Pulchrana centropeninsularis
- Conservation status: Least Concern (IUCN 3.1)

Scientific classification
- Kingdom: Animalia
- Phylum: Chordata
- Class: Amphibia
- Order: Anura
- Family: Ranidae
- Genus: Pulchrana
- Species: P. centropeninsularis
- Binomial name: Pulchrana centropeninsularis (Chan, Brown, Lim, Ahmad, and Grismer, 2014)
- Synonyms: Hylarana centropeninsularis Chan, Brown, Lim, Ahmad, and Grismer, 2014

= Pulchrana centropeninsularis =

- Authority: (Chan, Brown, Lim, Ahmad, and Grismer, 2014)
- Conservation status: LC
- Synonyms: Hylarana centropeninsularis Chan, Brown, Lim, Ahmad, and Grismer, 2014

Species of amphibian

Pulchrana centropeninsularis is a species of "true frog", family Ranidae. It is found in Peninsular Malaysia and Sumatra (Indonesia). The specific name centropeninsularis refers to the area of its original discovery, the state of Pahang in the central Peninsular Malaysia. Later on, it has also been recorded in the province of Jambi in east-central Sumatra. Pulchrana centropeninsularis is a rare species known from few individuals only. Prior to its description, Pulchrana centropeninsularis was confused with Pulchrana siberu, its closest relative.

==Description==
Adult males measure 36–40 mm in snout–vent length; females are unknown. The snout is rounded. The tympanum is distinct and the supratympanic fold is prominent. The limbs are long and slender. The fingers lack webbing while the toes have reduced webbing. Both the fingers and toes have tips that are dilated into small, pointed discs.

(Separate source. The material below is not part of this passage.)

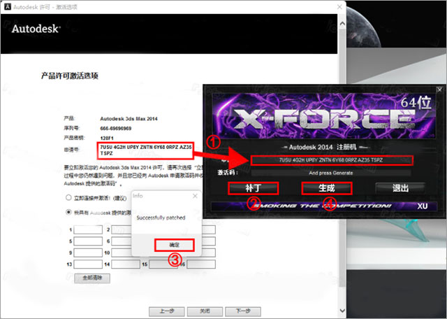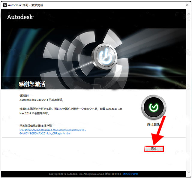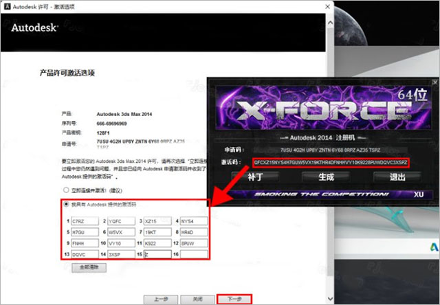 8、现在就可以复制激活码到激活界面,并点击下一步。这样就完成了Autodesk产品的注册了。
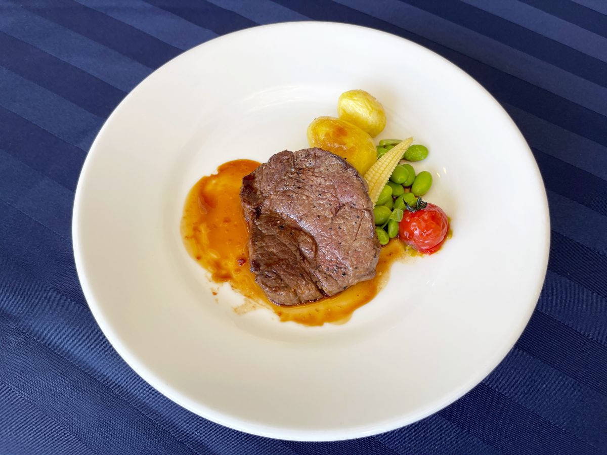 メインは魚料理と肉料理から選べますが、今回は肉料理をチョイス。「牛フィレ肉のポワレ 和風ソース 季節の野菜」は、見た目も華やかなひと皿です。

The mid-dorsal region is entirely black and laterally delimited by complete, orange dorsolater stripes that originate from the rostrum and terminate at the sacrum, forming a near-complete loop. The flanks and dorsal side of limbs bear round, creamy yellow spots, some of them connecting to form short bars. The venter is grayish-brown; the throat has whitish spots and the belly has whitish reticulations.

Males have paired subgular vocal sacs.

==Habitat and conservation==
Pulchrana centropeninsularis inhabits primary and secondary lowland forests; in Malaysia, its elevational range is 90–105 m above sea level. It is associated with swamps. Although the type series was collected away from streams, the IUCN SSC Amphibian Specialist Group suggests that it breeds in streams.

Pulchrana centropeninsularis is a rare species known from a few locations and individuals. Although tolerance of this species to habitat disturbance is unknown, the heavy human impact on and the disappearance of swamp habitats that is taking place throughout Southeast Asia, mostly because of agricultural development for oil palm and for urban development, is considered a threat to this species. Pulchrana centropeninsularis is present in Lakum Forest Reserve (its type locality) and Krau Wildlife Reserve, both in Peninsular Malaysia.